» **TASK DETAILS**: Using the records below, write out only the lines from the line containing "Av alla konventioner" up to and including the line containing "A Tusványos erdélyi szervezőcsapata", exactly, with no pictures.

» **RECORD SET**:
((

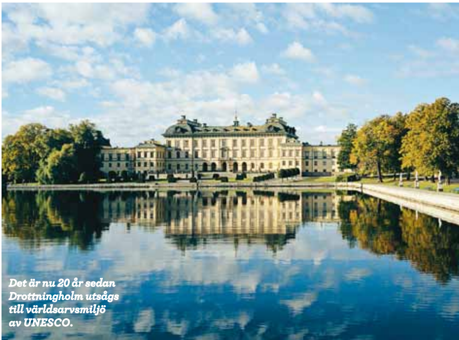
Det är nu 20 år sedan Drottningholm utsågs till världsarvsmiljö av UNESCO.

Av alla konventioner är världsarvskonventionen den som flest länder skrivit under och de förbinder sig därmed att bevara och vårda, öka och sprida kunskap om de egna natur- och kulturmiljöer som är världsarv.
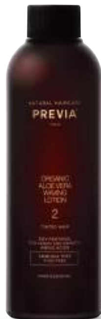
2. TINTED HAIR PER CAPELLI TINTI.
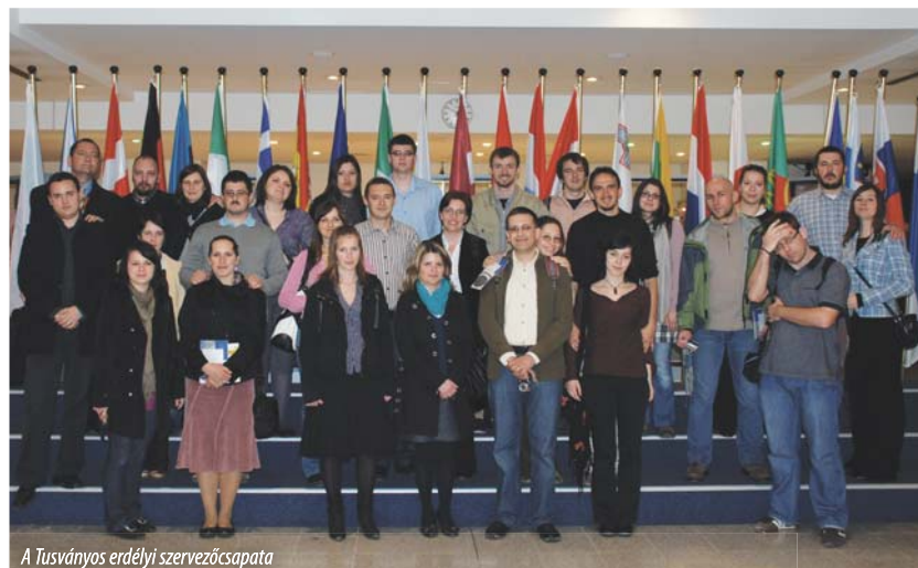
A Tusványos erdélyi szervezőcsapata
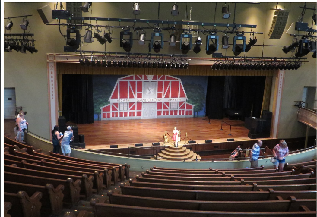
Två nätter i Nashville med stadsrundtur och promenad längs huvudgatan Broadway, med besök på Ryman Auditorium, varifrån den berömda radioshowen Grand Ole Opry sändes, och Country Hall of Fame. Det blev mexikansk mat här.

))
((

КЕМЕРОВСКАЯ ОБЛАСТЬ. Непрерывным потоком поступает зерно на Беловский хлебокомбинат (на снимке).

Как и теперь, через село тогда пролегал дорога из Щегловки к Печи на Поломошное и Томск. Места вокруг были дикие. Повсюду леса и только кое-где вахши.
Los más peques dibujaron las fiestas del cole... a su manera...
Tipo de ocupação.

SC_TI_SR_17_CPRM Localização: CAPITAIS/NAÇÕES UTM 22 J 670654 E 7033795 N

))
((

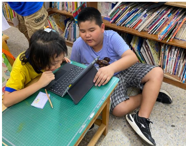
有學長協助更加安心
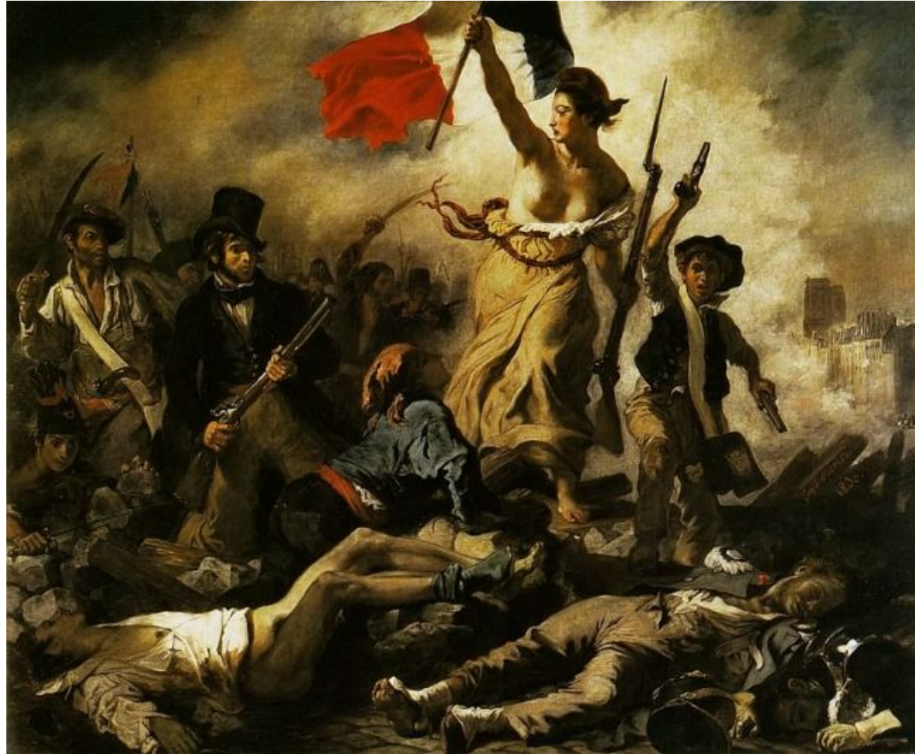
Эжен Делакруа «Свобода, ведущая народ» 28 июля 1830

))

» **RESULT OF THE TASK**:
Av alla konventioner är världsarvskonventionen den som flest länder skrivit under och de förbinder sig därmed att bevara och vårda, öka och sprida kunskap om de egna natur- och kulturmiljöer som är världsarv.
2. TINTED HAIR PER CAPELLI TINTI.
A Tusványos erdélyi szervezőcsapata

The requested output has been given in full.